Outside, snow was falling. Everything seems quieter when snow is falling. The streets were empty of people. A few cars stirred the snow as they passed. Loneliness. Where was Hunter? What was happening to my friend? 

At least I was wearing my North Face down vest and wasn’t cold.

I began to enjoy myself—the ornate facades of the old buildings, the sky of gray and white, the bittersweet melancholy and poignant reflection that often accompany solitude. We miss people more when they’re gone. We notice so much more and thus have more to share when we’re alone. Solitude makes people more precious.

After about an hour, I was climbing the steps to the lobby of the spa.

I found a guy about my own age who appeared to work for the spa. 

He must have gotten his hands on an English dictionary because he knew a few words, but not enough to form into sentences. After some wild gesticulations and calling for backup, he finally drove his point home: everything was closed but the baths, pools, sauna, and steam room. No massage this time.

Where could I change? I asked with an absurd pantomime of removing my clothing and swimming motions.

He seemed to understand and motioned for me to follow him. He led me upstairs, let himself in behind a desk, located a key, then showed me to a tiny wooden stall. These were set up in rows like lockers. He opened the door for me, dropped the key in my hand, smiled, and sauntered off.

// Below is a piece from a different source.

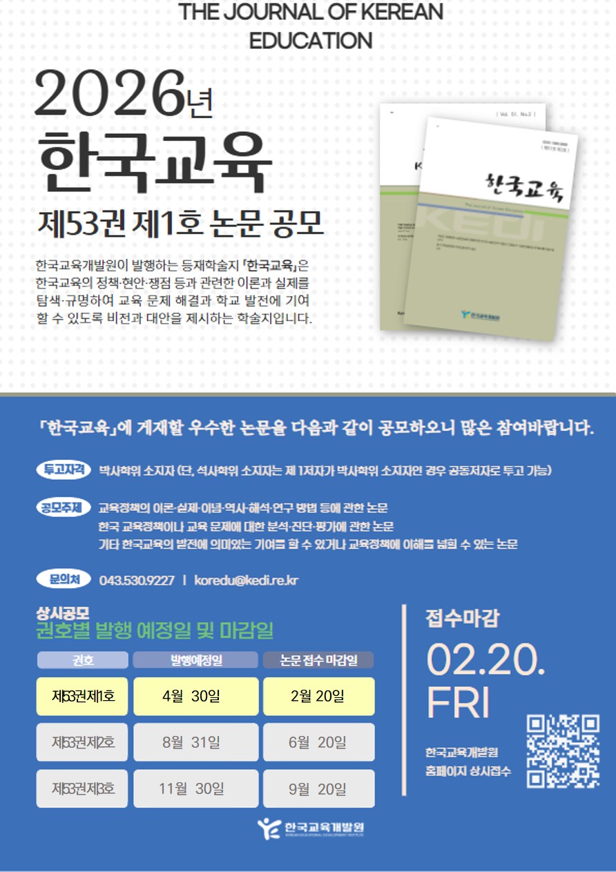 | [한국교육개발원] 등재학술지 한국교육 제53권 제1호 공모 | ||||||||
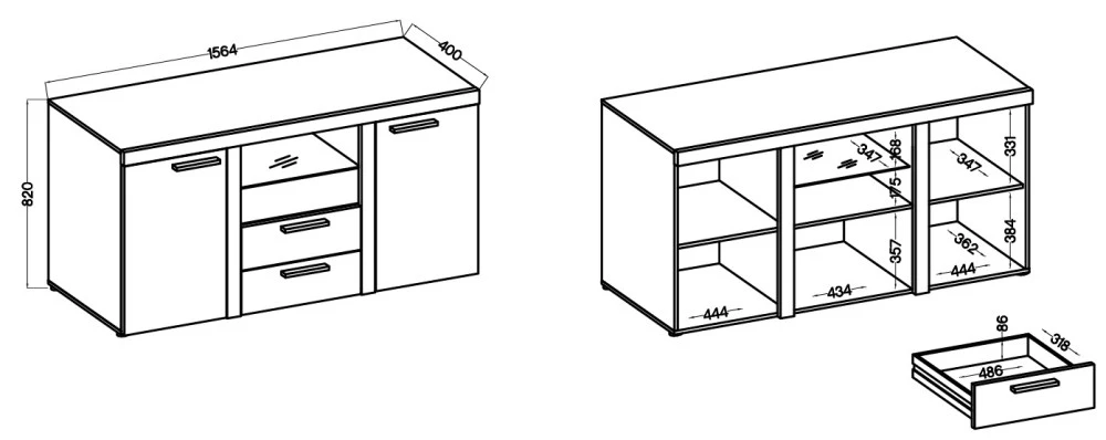 rozměry: šířka: 156,4 cm, hloubka: 40,5 cm, výška: 82 cm

Okay, now I was going to enjoy myself.


I had no bathing suit. I had no towel. I had only one pair of underwear.

This is where the story gets a little strange. I was determined to make the most of my time in Budapest because I was worried about my friend and I’d never had a massage and wanted one and had missed the cut off twice in a row and I hadn’t ridden three and a half hours to be deterred by something as simple as having no bathing suit.

I marched back up to the desk and got the guy’s attention. In perhaps the finest feat of nonverbal communication of my life, I told Mr. Cabana Boy that I needed something to wear. He squinted his eyes at me and tapped his lips with a finger. I tried again. This time, he jabbed a finger at the ceiling as if to say, “Aha! I’ve got an idea.” He ducked down under the desk, and I could hear him rummaging around.

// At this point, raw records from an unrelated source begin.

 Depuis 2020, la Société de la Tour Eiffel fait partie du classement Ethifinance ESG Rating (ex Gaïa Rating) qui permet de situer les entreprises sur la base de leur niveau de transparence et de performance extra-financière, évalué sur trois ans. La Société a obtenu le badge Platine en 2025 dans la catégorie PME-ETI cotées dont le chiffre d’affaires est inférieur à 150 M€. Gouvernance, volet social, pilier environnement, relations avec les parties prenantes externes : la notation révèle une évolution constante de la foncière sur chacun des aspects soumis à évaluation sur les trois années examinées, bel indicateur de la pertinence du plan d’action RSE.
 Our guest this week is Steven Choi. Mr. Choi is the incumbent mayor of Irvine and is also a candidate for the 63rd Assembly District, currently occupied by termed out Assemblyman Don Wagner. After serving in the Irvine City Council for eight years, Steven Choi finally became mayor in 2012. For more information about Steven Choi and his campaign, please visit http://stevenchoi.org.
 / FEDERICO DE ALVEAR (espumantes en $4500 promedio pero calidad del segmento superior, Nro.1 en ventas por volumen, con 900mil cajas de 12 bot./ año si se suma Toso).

He reappeared holding some fabric. I wouldn’t call the fabric trunks or even shorts. If I didn’t know there were pools of water somewhere in the building, I would have thought he was holding a washcloth. There just wasn’t enough material there. He stretched it out for me to see a pair of trashy men’s underwear, the kind that guys who shape their eyebrows wear. The kind that guys who go to the tanning bed wear. This was a Speedo glorified with about an inch of leg.

Do you have anything else? I gestured. 

He was confused.

Do I have any other options?

He tapped his temple then held up his hands. He didn’t understand.

Why was this day trip to Hungary challenging everything I believe in like sticking by my friends and not renting bathing suits and a comprehensive boycott against Speedos?

Fine. Whatever. 

How much?

He was confused.

I took the change out of my pocket and slapped it on the counter.

He shrugged and took a medium-sized coin.

I attempted to say thank you, but the look on my face probably said otherwise.

I locked myself in my booth, undressed, and put on the thing.

It was very uncomfortable. It was grippy. I wanted it to get its hands off of me. I wanted to charge it with sexual harassment.

It was dark blue with some broad stripes.

I looked over my shoulder into the full length mirror. Yep. My butt crack was hanging out. 

I pulled up the back then looked down. Yep. Indecent in the front now.

If you’ve ever seen the Seinfeld episode where Kramer wants to borrow Jerry’s swimsuit, then you’ll understand what I mean when I say that my boys were definitely out of their neighborhood.”

I had just paid money to be 95% naked in eastern Europe in front of complete strangers without a partner in crime.  


Fine. Whatever. If was going to gird my loins with a garment belonging to a 9-year-old boy, then you bet your baloney I was going to do it with confidence and price. Behold, Spa Men and Spa Women! Michelangelo’s David in the flesh!

I took a deep breath and followed the signs to what I hoped was the pool.